On a similar note, we could bring up spare Rack Controllers in each rack so that they can automatically fail-over as well — but that’s an extra machine wasted per rack.

As mentioned before, you can ask somebody else to host your PostgreSQL database which would, in our example, return 2 machines. However, depending on where the database is located, this could impact the cluster performance (deploys will likely be fine, but using the webpages would feel slower).

What about logs? MaaS Controllers support rsyslog, so you can always run a local rsyslog server and point it to your centralised logging infrastructure. Alternatively, you can spare a server to run a miniature ELK (ElasticSearch, Logstash, Kibana) stack - or go with a 3-node ElasticSearch cluster if MaaS logs are important enough to you. Again, there are some ElasticSearch-as-a-service offerings, so if you can't be bothered, pay somebody else to do it for you.

Maybe you want to spare a machine to act as a VPN server?

Maybe you need a machine to monitor the others? MaaS does have the ability to do some hardware and power checks, but you might need something more specific to the applications you’ll be running.
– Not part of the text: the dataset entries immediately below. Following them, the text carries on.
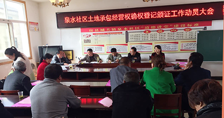 房县新闻网讯 通讯员 况艳平 报道:为确保按时间节点,高质量、高标准完成2017年农民土地确权工作,4月10日,城关镇泉水村组织召开泉水社区土地承包经营权确权登记颁证工作动员大会,向群众代表讲解“确权”的现实意义、农村土地承包经营权确权登记颁证工作相关要求及操作规范等,并就工作中可能出现的重点问题进行了解答。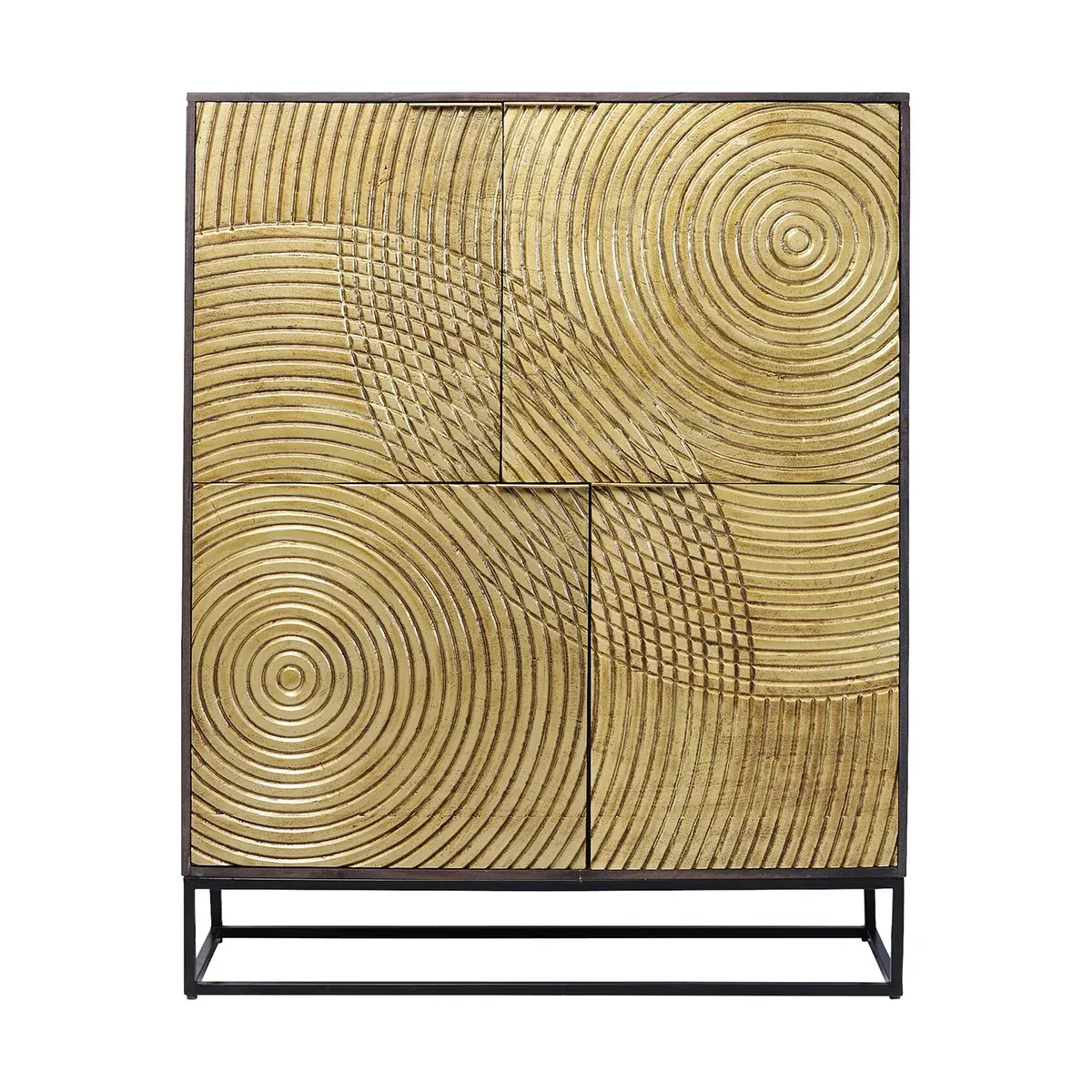 A magical pattern of circles carved into the wood with a fine line. The front of this square cabinet, which stands on a filigree steel frame, looks like a work of art. The four asymmetrically arranged doors with modern push-to-open technology conceal generous compartments for crockery and glasses. A key piece.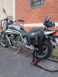 bellissima moto Hyosung Acquila GV 650 del 2006 tenuta in modo maniacale, sempre tagliandata e certificata ogni due anni ultimo appena fatto come da foto, con pochissimi Km sempre tenuta al coperto ha girato solo nei periodi estivi moto pari al nuovo come si può vedere dalle foto cromature perfette motore potente una custom con la potenza di una moto da corsa 71 cavalli 200 km orari da 0 a 100 in meno 10 secondi alte prestazioni, non è una moto per ragazzi né per neopatentati, solo amatori e persone esperte, Tutti i pezzi sono originali anche il cupolino e gli specchietti marcati hyosung insomma una gran bella moto pronta a viaggiare. A corredo alcuni pezzi di ricambio tipo manopole interruttori e un ammortizzatore in più il cavalletto centrale che vedete in foto, il prezzo tiene conto dei lavori e di come è tenuta la moto non trattabile.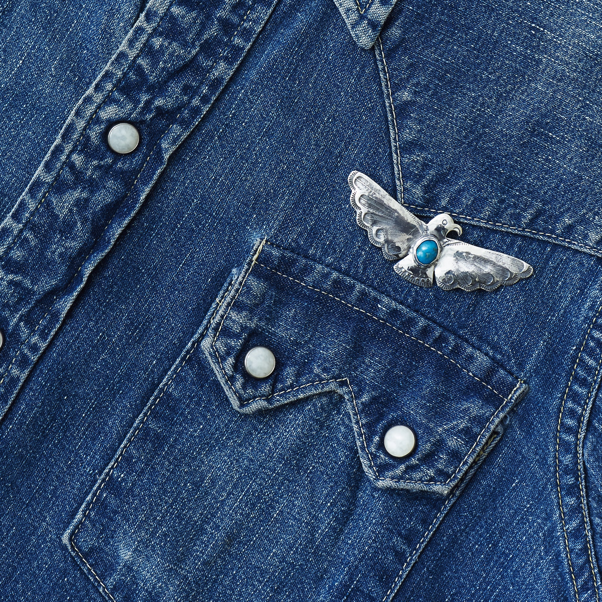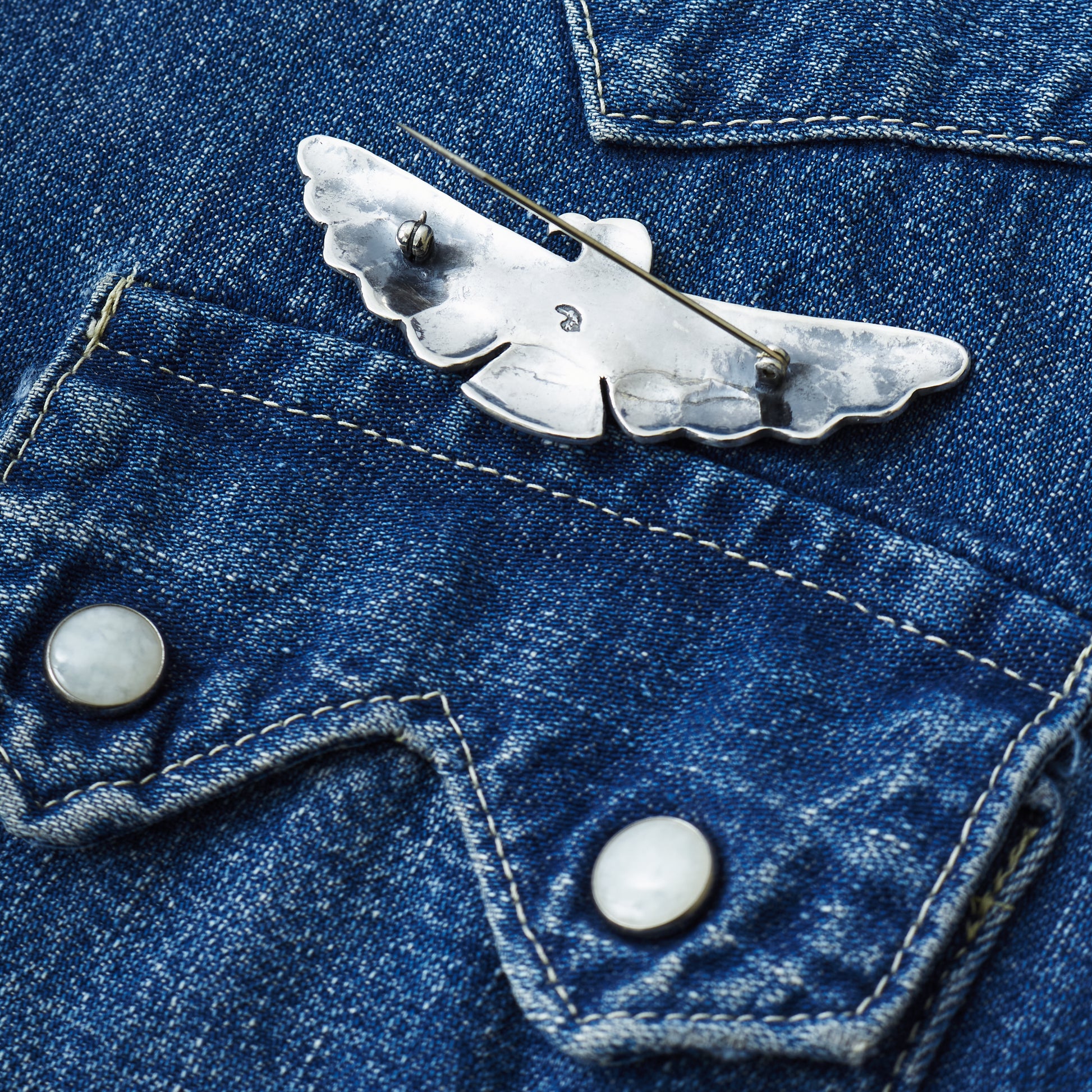 Thunderbird silver brooch made by hand in Japan by Larry Smith. Inspired by Native American jewelry from the so called "Fred Harvey era" dating back to the early 20th century.
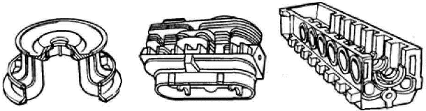 Сложные по конфигурации отливки получают литьем под давлением, по выплавляемым моделям, в песчаных формах. Литьем в кокиль получают отливки с простой наружной конфигурацией, а центробежным литьем – отливки типа тел вращения. Наиболее тонкостенные отливки получают литьем по выплавляемым моделям и литьем под давлением.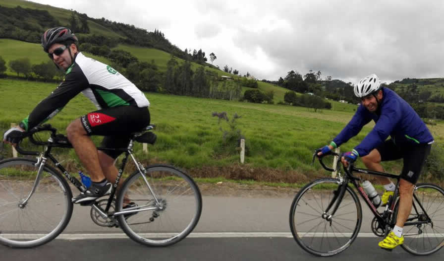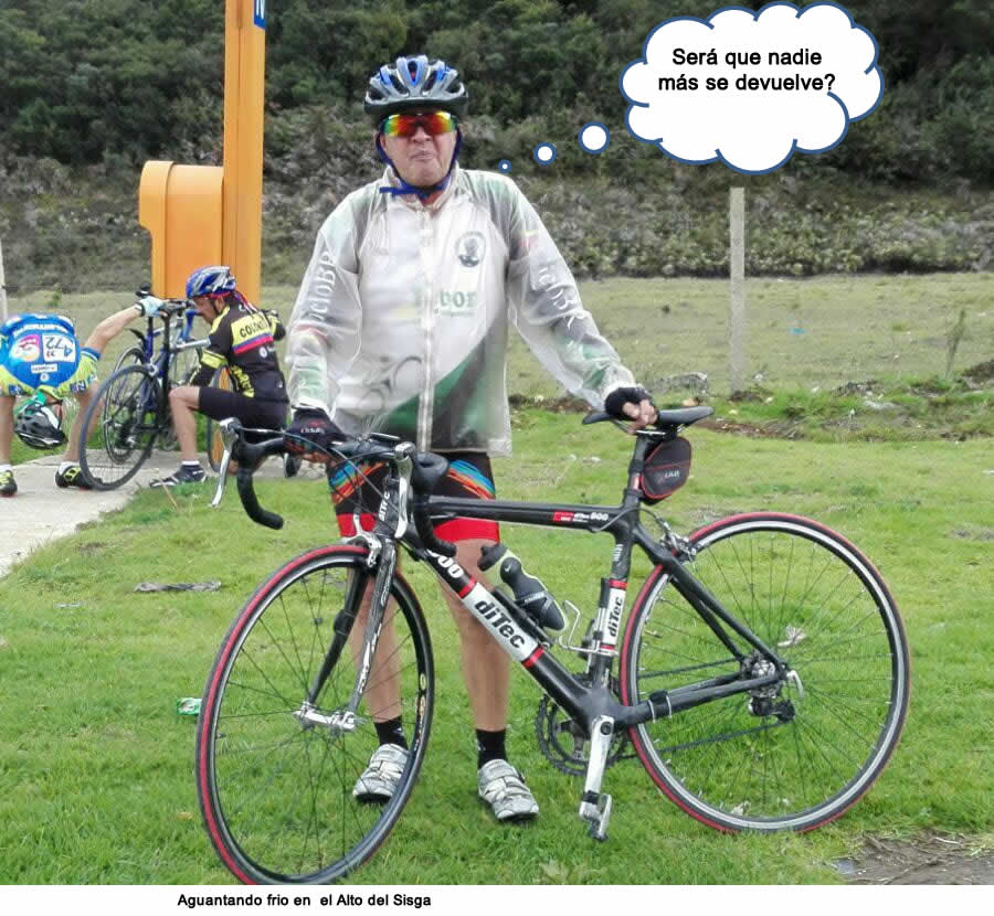 Después de enterarnos de los pormenores de la etapa del Giro, y de degustar un chocorramo con Gatorade, nos dispusimos a devolvernos a nuestro punto de partida. El paso fue moderado hasta la subida del Sisga, donde se fraccionó el lote, quedaron atrás Orlando, Pulga y Reinaldo. Nuevamente el lote se reagrupó en el peaje el Roble, por problemas técnico-mecánicos Rei tuvo que parar antes del peaje. Jorge y su señora lo esperaron para ponerle el carro adelante, en verdad quedó muy agradecido, pero la próxima vez ojalá que trate de bajarle de los cuarenta kmts, después de los kilómetros que llevábamos encima es bastante difícil. Finalmente Reinaldo conectó con Camilo y Jenny quienes se habían quedado rezagados y a pocos metros antes de Briceño con Orlando Márquez.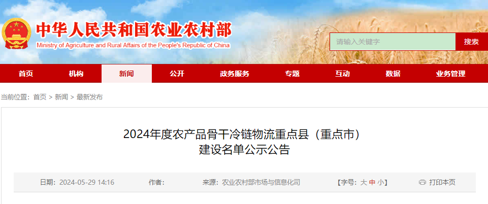 為落實《中華人民共和國國民經(jīng)濟和社會發(fā)展第十四個五年規(guī)劃和2035年遠景目標綱要》有關(guān)部署,我部組織完成了2024年度農(nóng)產(chǎn)品骨干冷鏈物流重點縣(重點市)綜合把關(guān)......

Alternatively, you can add your monitoring software on the Rack Controllers.

How your cluster is structured is entirely up to you — these blog posts were just the first few steps into our adventure into MaaS. We’ve made some improvements since then and tried some other things here and there, but this adventure is long enough already — so, go build your own MaaS cluster and define your own architecture.